Bildung, Forschung und Technikfolgenabschätzung/Antrag

Berlin: (hib/ROL) Die FDP fordert in einem Antrag (19/19880) eine Aufklärung- und Informationskampagne zu den Grundrechtsbeschränkungen im Zuge der Corona-Pandemie. Diese soll dem Antrag zufolge bei der Bundeszentrale für politische Bildung (bpb) in Auftrag gegeben und altersgerecht, mehrsprachig sowie medienbruch- und barrierefrei gestaltet werden.

Im Zuge der Maßnahmen zum Gesundheitsschutz seien viele Grundrechte eingeschränkt, um der Corona-Pandemie zu begegnen und einer Überlastung des Gesundheitssystems und der staatlichen Institutionen vorzubeugen. Die Demokratie lebe vom faktengetragenen Streit innerhalb der Meinungspluralität. Auch wenn Teile der Politik bereits von einer "Neuen Normalität" sprechen würden, seien die derzeitigen Einschränkungen von Grundrechten alles andere als "normal". Sie seien vielmehr in der Geschichte der Bundesrepublik ohne Beispiel.
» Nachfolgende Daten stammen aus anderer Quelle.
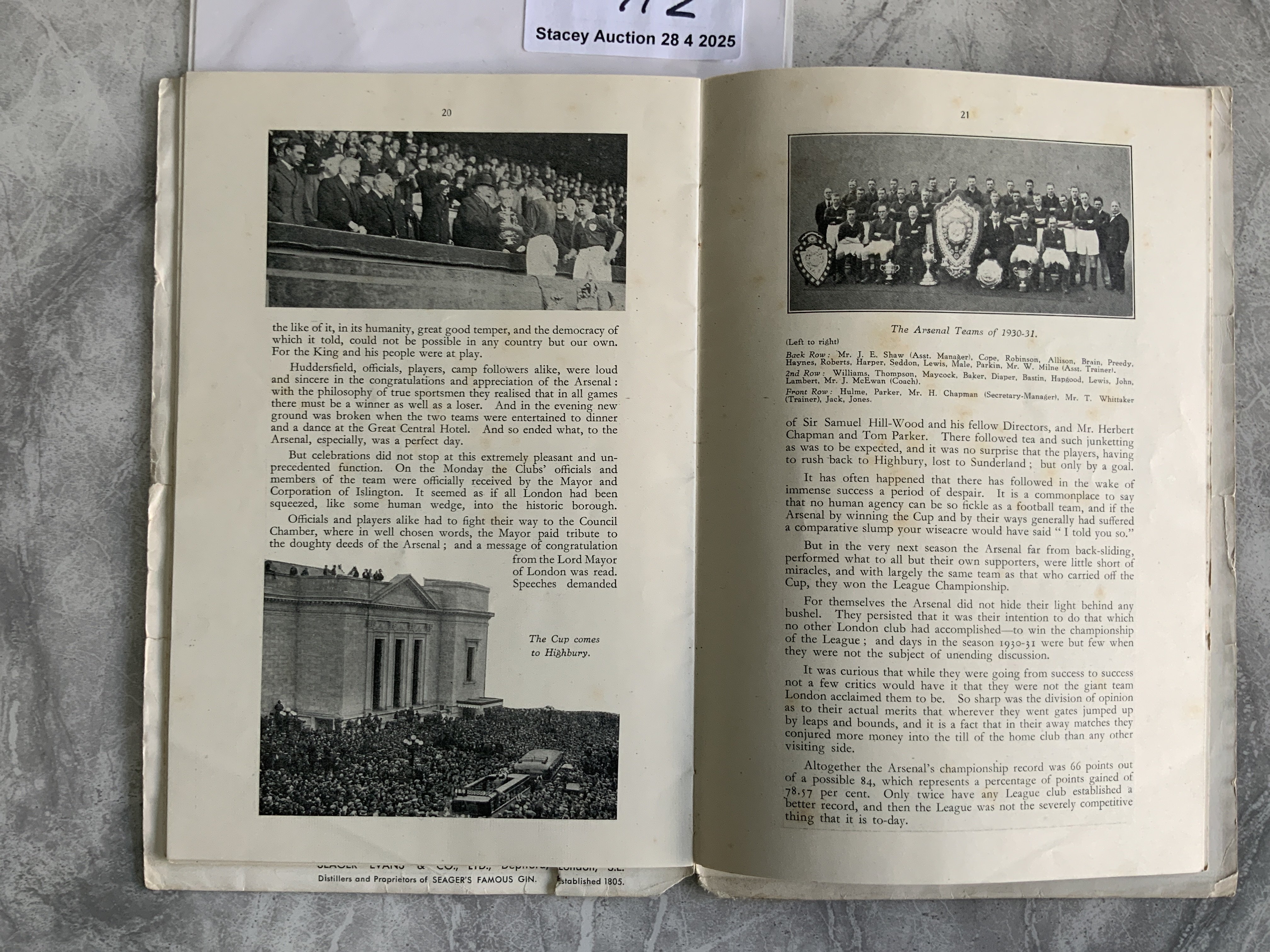 Romance Of The Arsenal Football Brochure: Hard to obtain 24 page booklet regarding the successful 1930s teams. Cover torn and detached from contents but complete. The cover was made bigger than the contents so this is usually the case.

Die bpb sei als unabhängige und ausgewogene Institution von hoher Akzeptanz in der Bevölkerung getragen. In Zeiten von geschlossenen Bildungseinrichtungen und starker Einschränkungen des öffentlichen Lebens sei der demokratische Streit und der öffentliche Austausch von Positionen erschwert, aber umso wichtiger.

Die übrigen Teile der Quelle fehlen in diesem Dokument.